Single by Ella Fitzgerald
- B-side: "I'm Falling in Love"
- Released: 1965
- Recorded: October 23, 1964
- Genre: R&B
- Length: 1:52
- Label: Verve 103440
- Songwriter(s): Ella Fitzgerald

Ella Fitzgerald singles chronology
| "Can't Buy Me Love" (1965) | "Ringo Beat" (1965) | "Get Ready" (1969) |

= Ringo Beat =

"Ringo Beat" is a 1965 novelty single written and recorded by American singer/songwriter Ella Fitzgerald. It was inspired by the popularity of Ringo Starr, the drummer of The Beatles. Fitzgerald had described the rock drumming style of her 16-year-old son, Ray Brown, Jr. as the "Ringo beat...cause that's where it all started". The guitarist Barney Kessel also appears on the song.
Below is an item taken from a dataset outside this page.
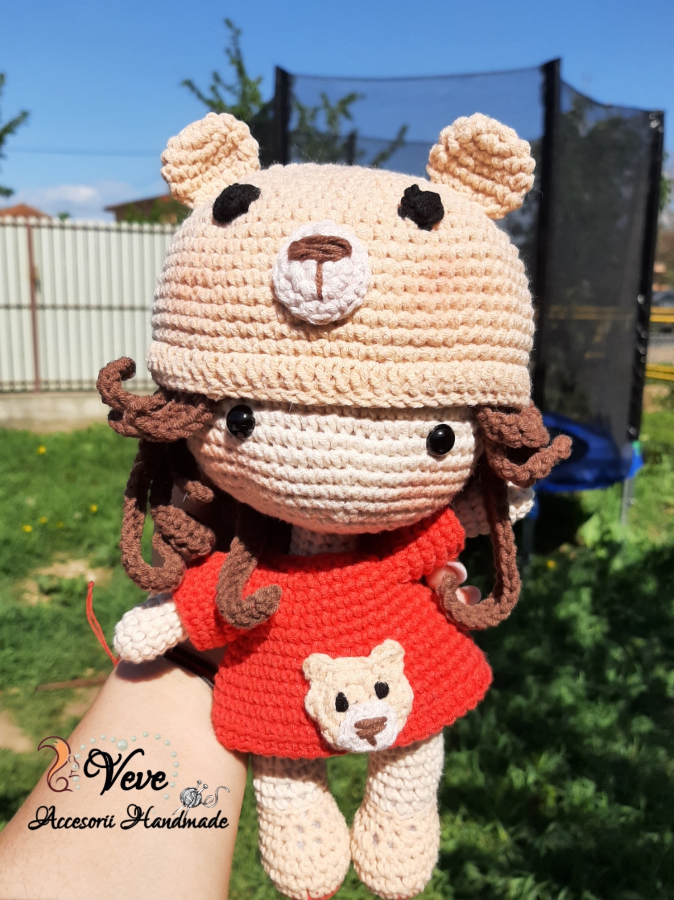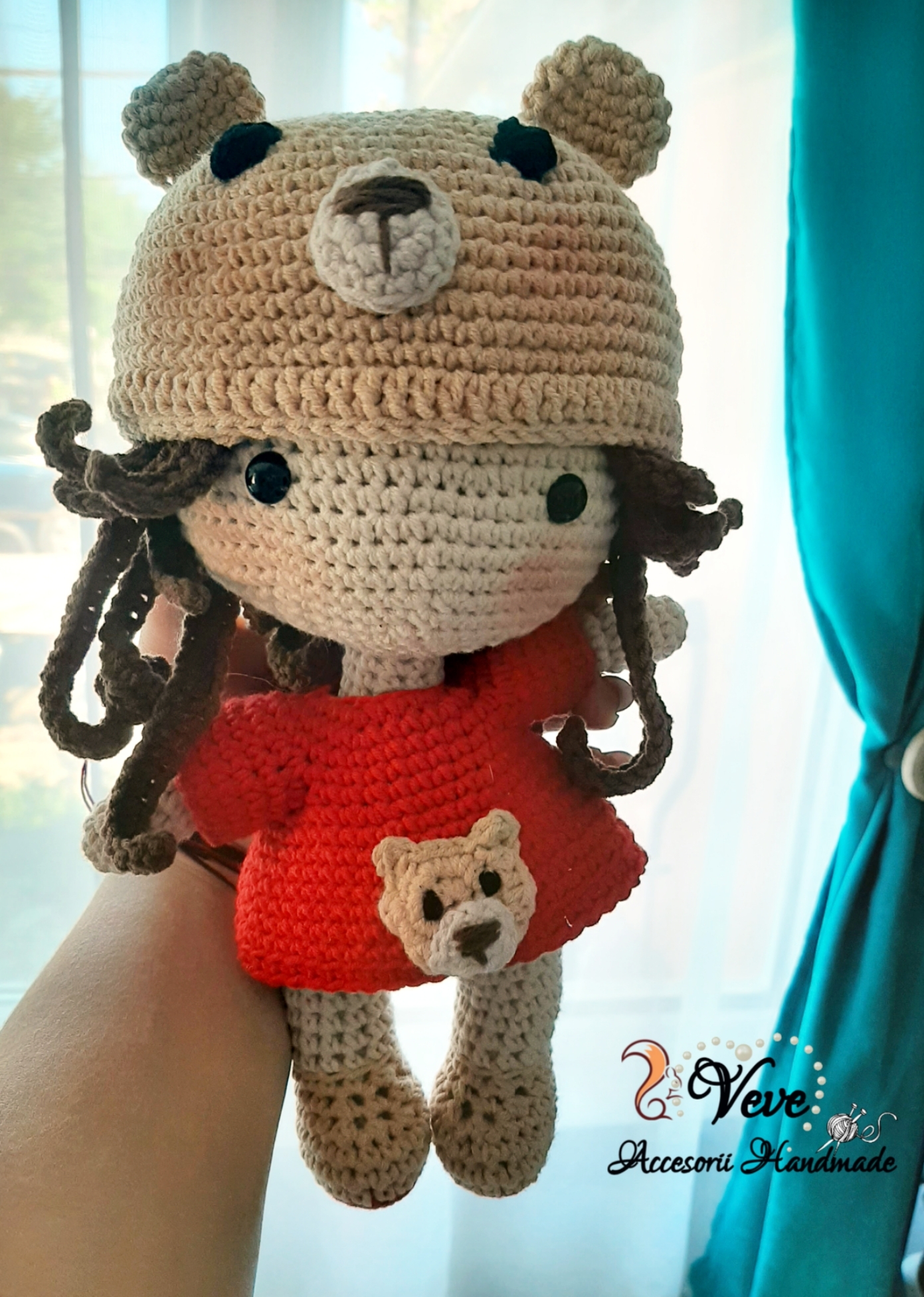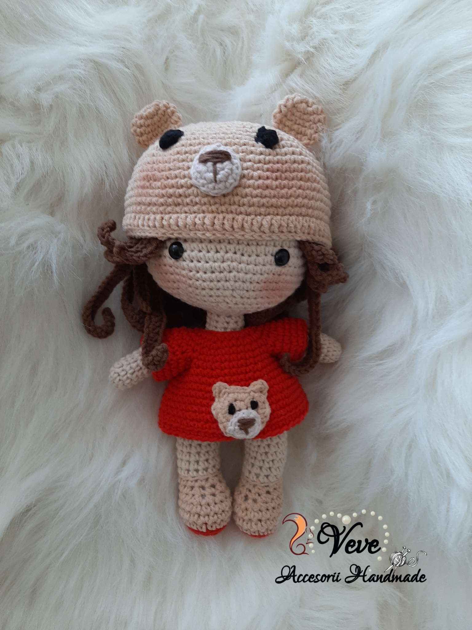 Această păpușică adorabilă este realizată manual prin tehnica amigurumi, perfectă pentru cei mici sau ca decor special într-o cameră copilărească. Poartă o căciuliță bej cu urechiușe și față de ursuleț, iar rochița roșie este decorată cu un ursuleț asortat. Detaliile fine și expresia dulce o fac un cadou minunat pentru orice ocazie.

The Billboard magazine review from December 12, 1964, commented that "Swinging' Fitzgerald takes off on that all too famous beat. Great opportunity for the WNEW's to recognize The Beatles". Fitzgerald had complained in a November 1965 interview for Downbeat magazine that disc jockeys were refusing to play the song. It was released on CD as part of the 2003 album Jukebox Ella, a compilation of Fitzgerald's singles recorded for Verve Records.

Reviewing Jukebox Ella for Allmusic, John Bush described "Ringo Beat" as the only one of Fitzgerald's Verve singles to acknowledge rock and roll and felt that it was "mostly unembarrassed". In his biography of Fitzgerald, Stuart Nicholson described the song as "awful" and placed in the context of Fitzgerald's constant search for an elusive hit record.